- Origin: Lima, Peru
- Genres: Punk rock, Melodic hardcore
- Years active: 1998–2009; 2014–present
- Label: Independent
- Members: Renzo Lancho (vocals, guitar); Diego Del Rosario (bass); Walter "Chuki" Sotomayor (drums); Michael "Mike" Rodríguez (bass); Luis Naval (drums);

= Dalevuelta =

Dalevuelta is a Peruvian punk rock band from Lima, formed in 1998. Academic studies and specialized publications identify it as part of the independent scene that developed in Lima during the late 1990s and early 2000s. The band has been cited in academic and specialized literature as part of the consolidation of the genre in the country.

The band appears in reference works on punk in Latin America and historical compendiums of Peruvian rock.

== History ==
Sociological research by the Institute of Peruvian Studies (IEP) analyzes Dalevuelta as one of the projects linked to youth identities in the Lima punk scene of the early 2000s.
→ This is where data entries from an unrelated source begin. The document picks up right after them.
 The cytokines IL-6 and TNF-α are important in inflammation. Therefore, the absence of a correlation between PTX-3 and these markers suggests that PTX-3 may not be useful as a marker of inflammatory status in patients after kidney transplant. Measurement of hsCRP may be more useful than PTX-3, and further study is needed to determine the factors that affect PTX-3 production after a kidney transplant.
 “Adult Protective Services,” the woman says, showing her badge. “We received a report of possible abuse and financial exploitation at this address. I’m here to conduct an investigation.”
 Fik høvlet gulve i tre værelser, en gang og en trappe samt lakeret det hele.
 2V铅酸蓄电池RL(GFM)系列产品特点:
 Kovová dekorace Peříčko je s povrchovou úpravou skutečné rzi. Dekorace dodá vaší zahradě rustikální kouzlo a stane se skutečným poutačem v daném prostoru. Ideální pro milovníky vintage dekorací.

Their emergence was noted internationally by the US publication Maximumrocknroll, which included the band in its report on new Peruvian groups.

After announcing a hiatus in early 2009, the group held reunion shows that were covered by the national press. Between 2015 and 2016, anniversary concerts were reported in Lima and Arequipa by local media.
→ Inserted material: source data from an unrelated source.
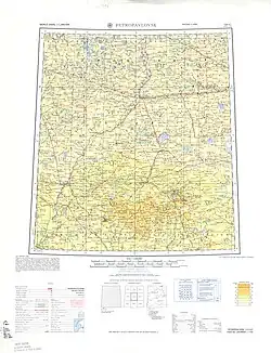 Negotiations on border delimitation took place from 1999 to 2005, with a final treaty being approved in Moscow by Presidents Vladimir Putin and Nursultan Nazarbayev on 18 January 2005.[27][28] The treaty entered into force on 12 January 2006.[27] On-the-ground demarcation started in July 2007, with a series of pillars marking the frontier beginning to be erected from May 2009.[27][29] When the border became international in 1991, one branch of the Trans-Siberian Railway was interrupted by two border crossings at Petropavl. In 2017, Russia and Kazakhstan agreed to create a transit (corridor) without border controls.[30]
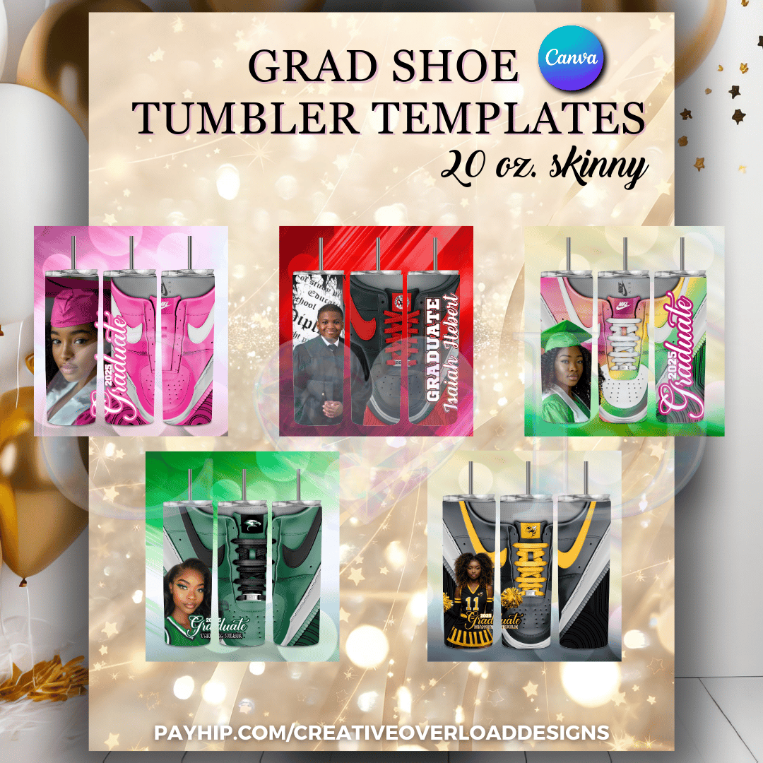 Celebrate graduation with style, personality, and a polished finish. This editable graduation tennis shoe tumbler template bundle is designed to help you create standout 20oz skinny tumblers that feel custom, intentional, and worthy of the moment.
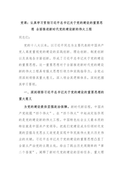 【七哥公文】2024年:党课:认真学习贯彻习近平总书记关于党的建设的重要思想 全面推进新时代党的建设新的伟大工程+更多免费公文+VX:QiGeGongWen2024
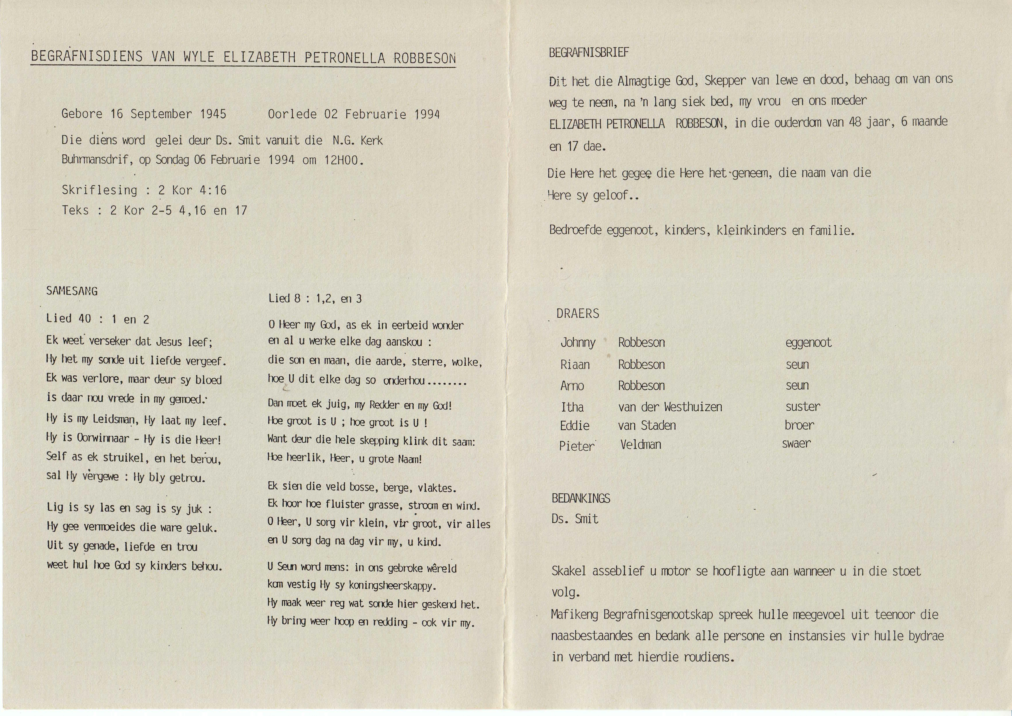 Funeral Programs / Begrafnisbriewe
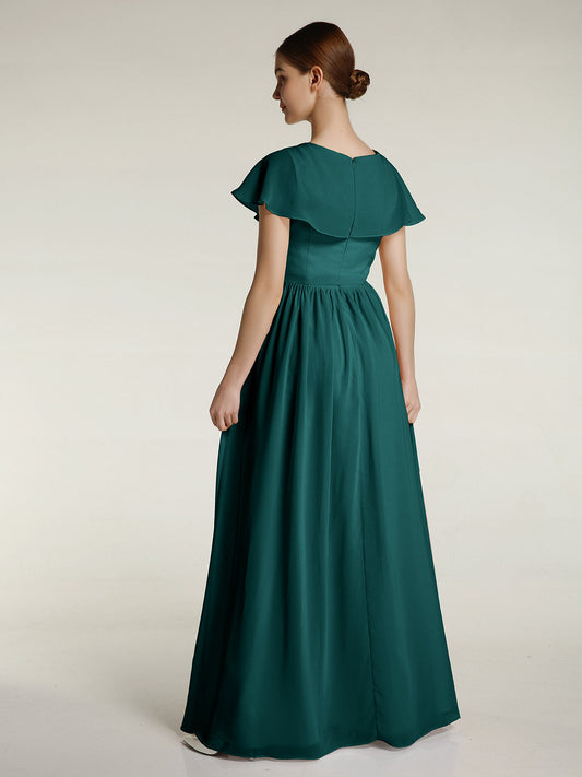 Babaroni MignonVestidos largos de dama de honor de chiffon con mangas de volantes Pavo real
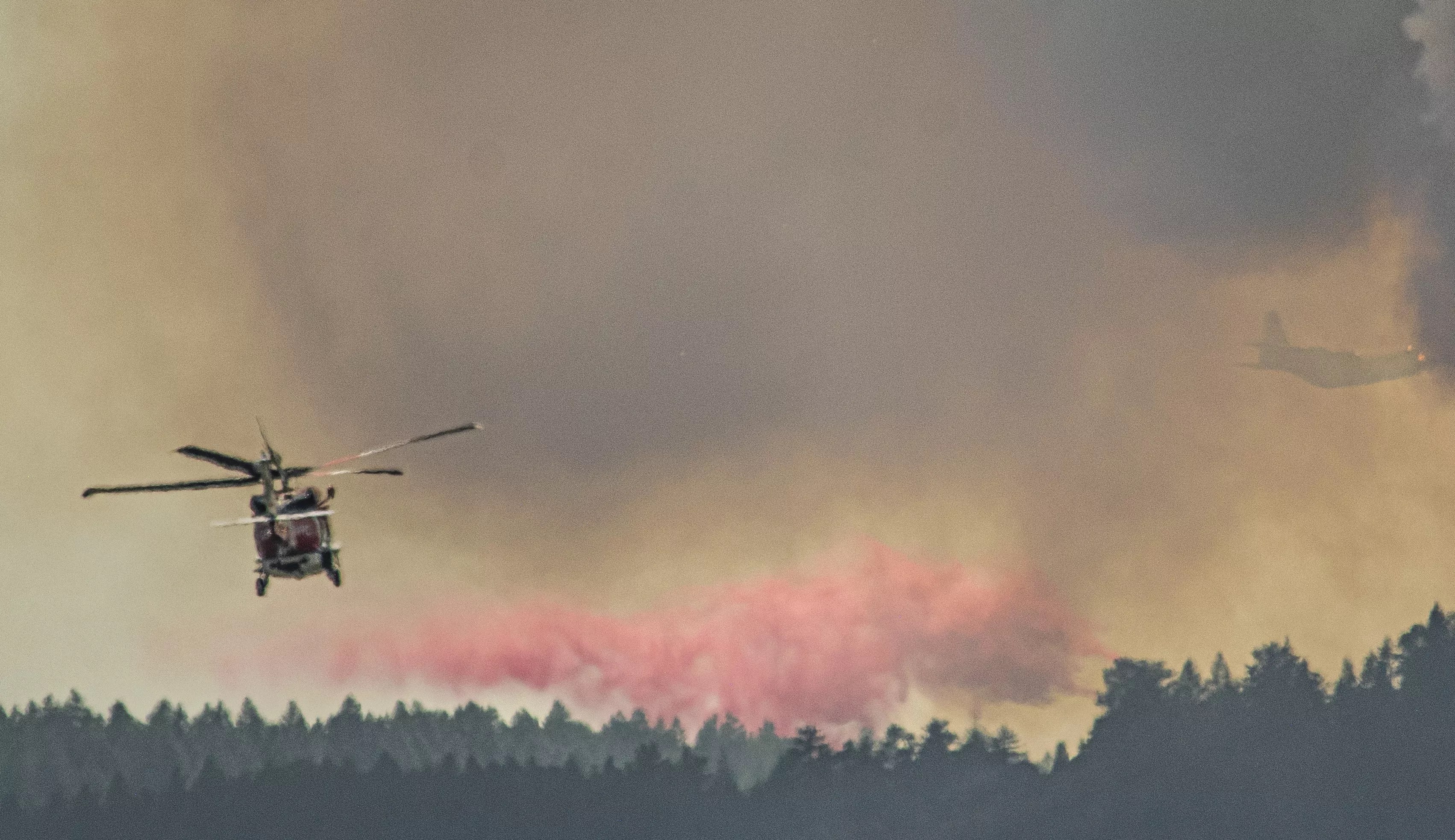 A helicopter prepares to dump more water after an air tanker flies over Deer Creek Canyon.
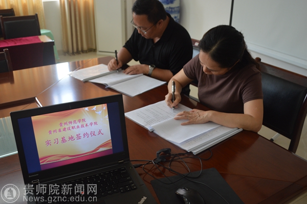 本网讯 9月30日下午,beat365英国官网网站与贵州建设职业技术学院共建实习基地签约仪式在经政学院会议室举行,省建院基础部部长李安、教务处副处长杨雪晴与beat365经政学院院长程艳萍、实习与实训办公室主任柳一桥、18届毕业班班主任喻琴瑶、办公室成员朱朝健出席了签约仪式。
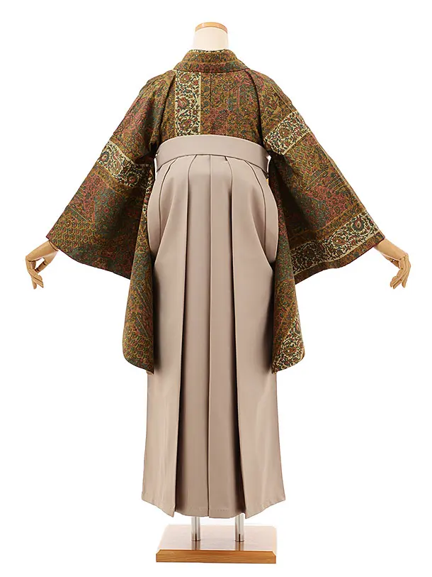 卒業式袴レンタルh744 ひいな キャメル地 更紗xベージュ袴

Mentions of the band's activity outside Peru have appeared in specialized European media.

The band has been reported as participating in major festivals such as "Día del Rock Peruano" at the National Stadium of Peru.

Studies from the Pontifical Catholic University of Peru (PUCP) cite the band's early albums as examples of musical self-management within the independent rock scene.

== Critical reception ==
Coverage of the band's early work appeared in European music press. In 2002, the Spanish magazine La Factoría del Ritmo highlighted the group's local following and described its style as melodic with rockabilly and 1960s influences, characterizing the songs as "direct and effective".

In 2014, the newspaper El Comercio described the band's first two albums as indispensable within the chronology of contemporary Peruvian rock. Other media have included the band's releases in retrospective lists of notable Peruvian rock albums.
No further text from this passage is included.